Show Jumper: Union Charm and Alyssa Kelly
Union Rags – Sadler’s Charm, by Honour and Glory
2016 gelding bred in Kentucky by Castlepark Farm, LLC, John Karakourtis & AF Thoroughbreds
Adult amateur Alyssa Kelly of Eldersburg, Maryland is making the most of her trip to Kentucky with Union Charm: not only did the pair win the preliminary round in the Show Jumper, but they’re also entered in dressage in the Thoroughbred Incentive Program Central Region Dressage Championships later this week. That cross-training has been key to his success, said Kelly.
“It really helped for the format of this competition that we’ve done a lot of dressage for his flatwork,” said Kelly, referring to the portion of the Show Jumper discipline that tests each horse’s flatwork training. “He has a nice even canter and he’s super careful; he fixes my mistakes and helps me out! He’s always been game for just about anything we throw at him, whether it’s a hunter show or dressage or show jumpers. He has a good personality to go with the flow.”
Whiskey Terms and Liz Howell Win 1D Average at Thoroughbred Incentive Program Barrel Racing Championships at Thoroughbred Makeover
The second annual Thoroughbred Incentive Program (T.I.P.) Barrel Racing Championships returned to the Thoroughbred Makeover this year, running concurrently with the Makeover Barrel Racing discipline. Makeover entrants had the option to enter the Championships and roll their times for both standings. T.I.P. Barrel Racing Championships awarded fast times both Wednesday and Thursday evenings in a 4D format, and crowned overall 4D average champions this evening at the conclusion of the second round.

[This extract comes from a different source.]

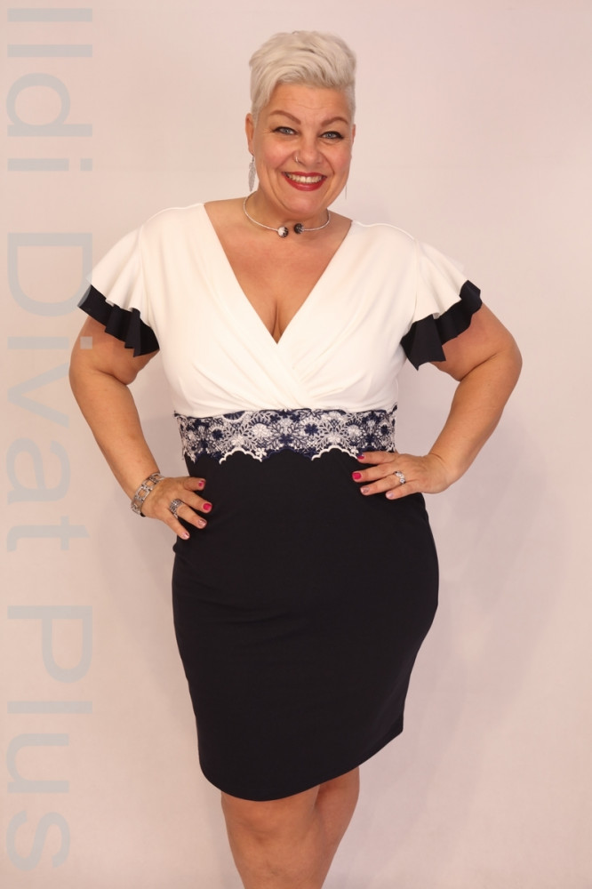 Zita fehér-kék színű, kerek nyakú, csipkés, derekán díszcsatos, karcsúsított fazonú ruha.

Liz Howell, a professional from Bell, Florida with her Whiskey Terms (Connecting Terms – My Doctor Knows, by My Friend Max), won the 1D average after running the fastest time on Wednesday and second fastest on Thursday. Whiskey Terms is a 2013 gelding with earnings of $6,100 and a race record of 13-0-2-1. He was bred in Louisiana by Joseph Dauphine and last raced for owner Shellie Duhon under trainer Benjamin Zeno. He is a 2019 Thoroughbred Makeover graduate.
“We’ve been working really hard for awhile now,” said Howell. “We were third overall in 2019 [at the Thoroughbred Makeover] and that was huge. Last year [at the inaugural T.I.P. Championships] he was in the 1D and third again, and I thought that was huge too. This yeah I knew he had a lot more experience and he could come here and win.”